**TASK TO COMPLETE**
Leave out every picture and set down, exactly, the lines below from the one holding "Διαμερισμα με 2" up to and including the one holding "4. Fiche élève".
DATA FOR REVIEW: Begin
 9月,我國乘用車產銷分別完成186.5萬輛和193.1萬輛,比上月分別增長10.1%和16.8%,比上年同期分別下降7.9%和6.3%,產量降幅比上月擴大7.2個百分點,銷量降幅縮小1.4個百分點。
DATA FOR REVIEW: End
DATA FOR REVIEW: Begin
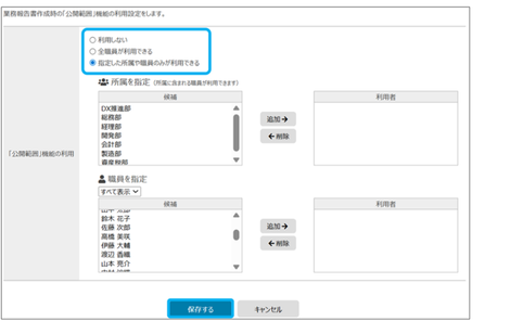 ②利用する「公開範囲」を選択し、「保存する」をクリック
DATA FOR REVIEW: End
DATA FOR REVIEW: Begin
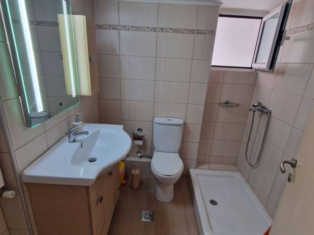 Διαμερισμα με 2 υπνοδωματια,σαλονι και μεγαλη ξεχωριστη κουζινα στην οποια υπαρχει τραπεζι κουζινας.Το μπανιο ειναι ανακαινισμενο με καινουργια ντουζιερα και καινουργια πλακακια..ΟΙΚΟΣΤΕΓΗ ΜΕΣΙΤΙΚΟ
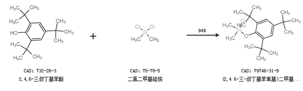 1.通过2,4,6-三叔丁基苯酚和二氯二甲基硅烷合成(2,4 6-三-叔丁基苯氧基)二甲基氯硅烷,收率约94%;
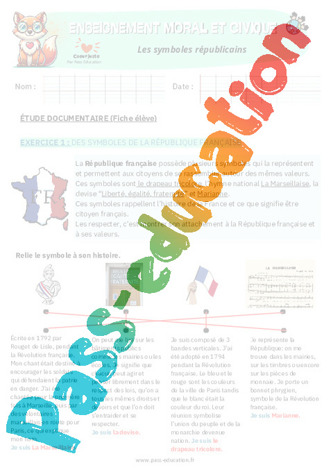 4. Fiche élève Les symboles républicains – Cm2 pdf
DATA FOR REVIEW: End
**ANSWER TO THIS TASK**
 Διαμερισμα με 2 υπνοδωματια,σαλονι και μεγαλη ξεχωριστη κουζινα στην οποια υπαρχει τραπεζι κουζινας.Το μπανιο ειναι ανακαινισμενο με καινουργια ντουζιερα και καινουργια πλακακια..ΟΙΚΟΣΤΕΓΗ ΜΕΣΙΤΙΚΟ
 1.通过2,4,6-三叔丁基苯酚和二氯二甲基硅烷合成(2,4 6-三-叔丁基苯氧基)二甲基氯硅烷,收率约94%;
 4. Fiche élève Les symboles républicains – Cm2 pdf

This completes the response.